The world is on track for a “catastrophic”
3.1 degrees Celsius (37.58 degrees Fahrenheit) of global warming over preindustrial levels, according to the United Nations. Scientists have warned that there is no
safe amount of climate change.
The
international organization said that a previous goal to limit warming to 1.5
degrees Celsius (34.7 degrees Fahrenheit) – a threshold set at the 2015
Paris Agreement – will “soon be dead” without an
unprecedented global mobilization to limit climate change.
The impacts of
climate change are already ravaging the globe, bringing more severe wildfires
and extreme heat, as well as widespread and devastating flooding.
Scientists have warned that there is
no safe amount of climate change, but passing the 1.5-degree threshold would
bring impacts to ecosystems that are larger than the world is willing to
accept. There is a direct link between
increasing emissions and increasingly frequent and intense climate
disasters,” António Guterres, UN Secretary-General, said in a video.

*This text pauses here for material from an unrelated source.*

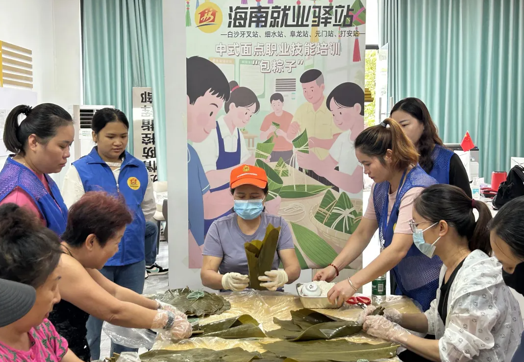 在印有“獨樂樂不如‘粽’樂樂”字樣的橫幅映照下,學員們從粽葉挑選、糯米浸泡,到餡料調配、包制捆扎與火候掌控,系統學習傳統粽子制作技能。這是5月28日,白沙黎族自治縣牙叉鎮一場“中式面點職業技能培訓——包粽子活動”的場景。

“Around the world, people are paying a terrible price. Record emissions mean
record sea temperatures supercharging monster hurricanes; record heat is
turning forests into tinder boxes and cities into saunas; record rains are
resulting in biblical floods.”
”Nations must collectively commit to cut 42 percent off
annual greenhouse gas emissions by 2030 and 57 percent by 2035 in the next
round of NDCs to achieve the 1.5C goal,” the UNEP cautioned.

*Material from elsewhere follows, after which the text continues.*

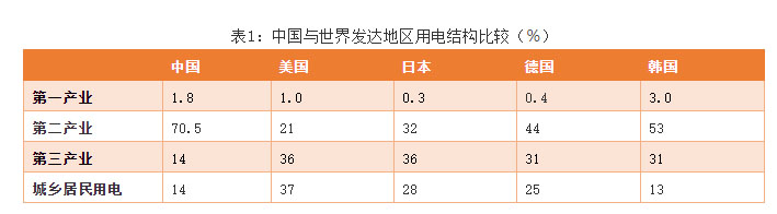 發(fā)達國家的電力消費結(jié)構(gòu)基本呈現(xiàn)第二產(chǎn)業(yè)用電、第三產(chǎn)業(yè)用電和居民用電相對均衡的特征。目前隨著我國電力需求增長的逐步轉(zhuǎn)變,電力消費結(jié)構(gòu)朝著均衡方向發(fā)展,第三產(chǎn)業(yè)和居民用電比重將逐步提高,相應的第二產(chǎn)業(yè)用電比重逐步下降,但短期內(nèi)下降到50%以下的可能性較低,未來電力消費結(jié)構(gòu)可能更接近于同為制造業(yè)強國的德國和制造業(yè)較強的韓國的用電結(jié)構(gòu)。

The deadline for countries to submit their next plans,
known as nationally determined contributions or NDCs, is just a few months away
and ahead of the COP30 climate talks in Brazil.. The report said they must “deliver a quantum leap in ambition.”

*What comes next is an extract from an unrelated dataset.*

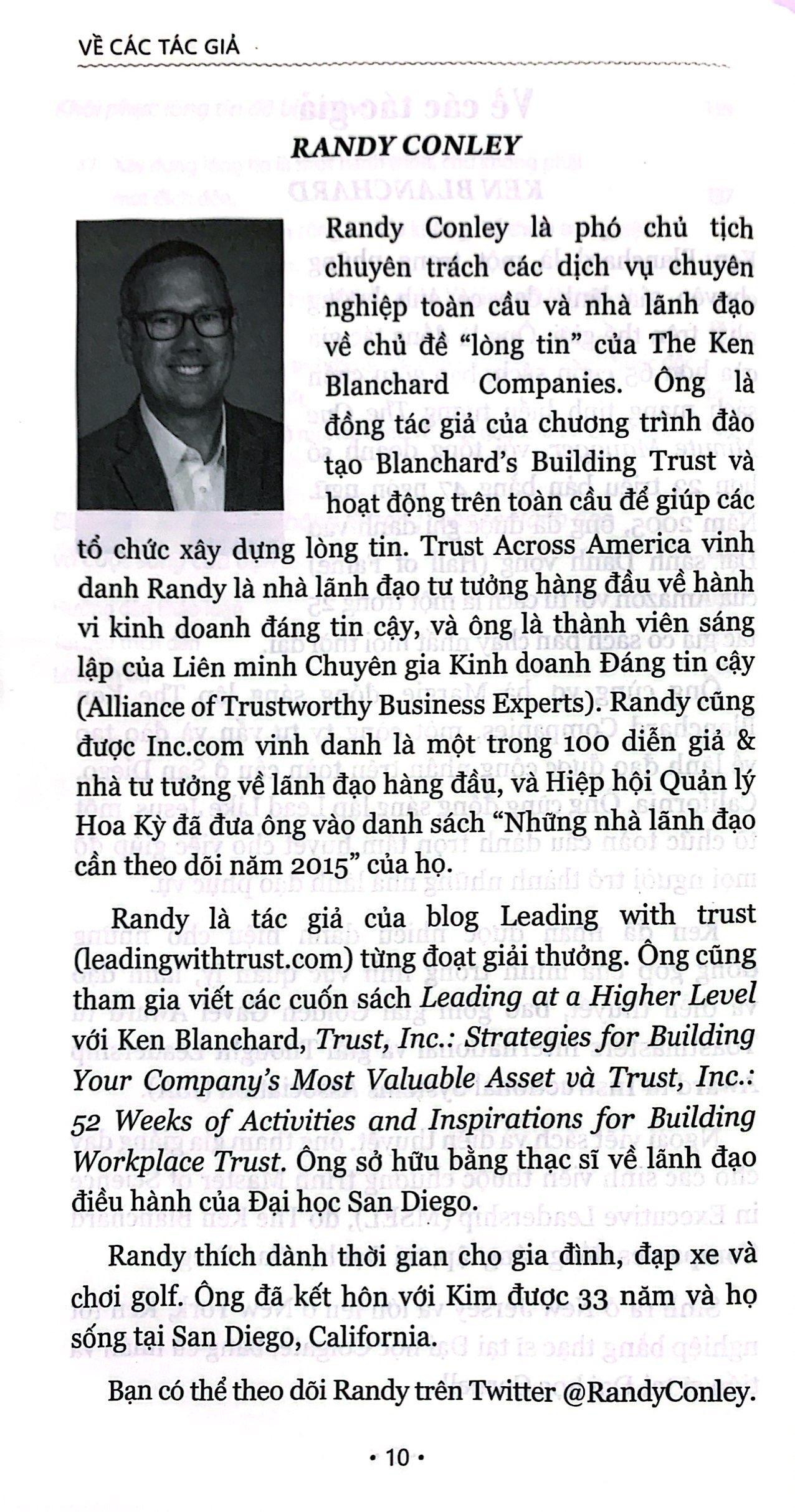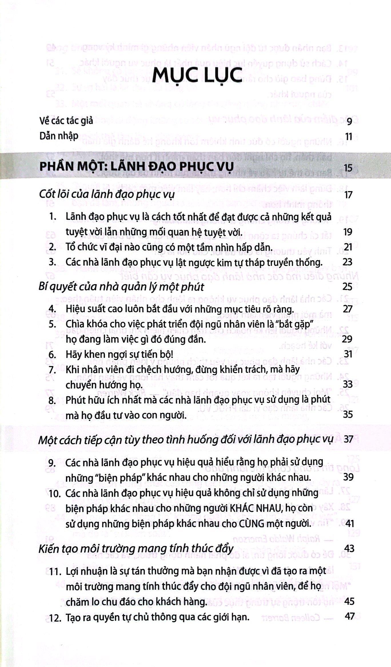 Những Chân Lý Đơn Giản Về Lãnh Đạo Cách thức để trở thành một lãnh đạo phục vụ & kiến tạo lòng tin. Biến lẽ thường thành thông lệ. Lãnh đạo hiệu quả là một quá trình tạo ảnh hưởng, mà ở đó các nhà lãnh đạo tiến hành những phương pháp tiếp cận theo lẽ thường, hằng ngày để giúp đội ngũ nhân viên và tổ chức phát triển thịnh vượng. Tuy nhiên, vì một lý do nào đó, nhiều nguyên tắc trong số những nguyên tắc cơ bản này vẫn chưa được áp dụng ở hầu hết các nơi làm việc. Trong “Những chân lý đơn giản về lãnh đạo”, chuyên gia huyền thoại về lãnh đạo phục vụ là Ken Blanchard, tác giả của những cuốn sách đã bán được hàng triệu bản trên toàn thế giới, và đồng nghiệp Randy Conley, người được cả thế giới biết đến và công nhận vì nhiều năm nghiên cứu về lãnh đạo tư tưởng cũng như sự tinh thông về lĩnh vực “lòng tin”, cùng chia sẻ 52 chân lý đơn giản về lãnh đạo. Những chân lý này sẽ giúp các nhà lãnh đạo ở khắp mọi nơi biến “lãnh đạo theo lẽ thường” thành những thông lệ. Chứa đựng những hiểu biết sâu sắc, đáng nhớ và đôi khi ngược đời về lãnh đạo, cuốn sách này là một tài liệu tổng hợp gồm hai phần về những niềm tin không thể lay chuyển của Blanchard và Conley về lãnh đạo phục vụ và xây dựng lòng tin – hai lĩnh vực chuyên môn tương ứng của họ. Bạc đọc sẽ được khám phá:

The publication of these findings also comes just days
before the United Nations Climate Change Conference “COP29,” which will be
hosted in Azerbaijan’s capital city of Baku.
While 2023 was the
planet’s warmest year on record, climatologists say it is nearly certain that
this year will set a new record.
“We’re being
tested. The planet is testing us to see if we can explain things that we didn’t
anticipate,” NASA’s chief climate scientist Gavin
Schmidt told The Independent on
Tuesday. “And, we have not yet passed that test.”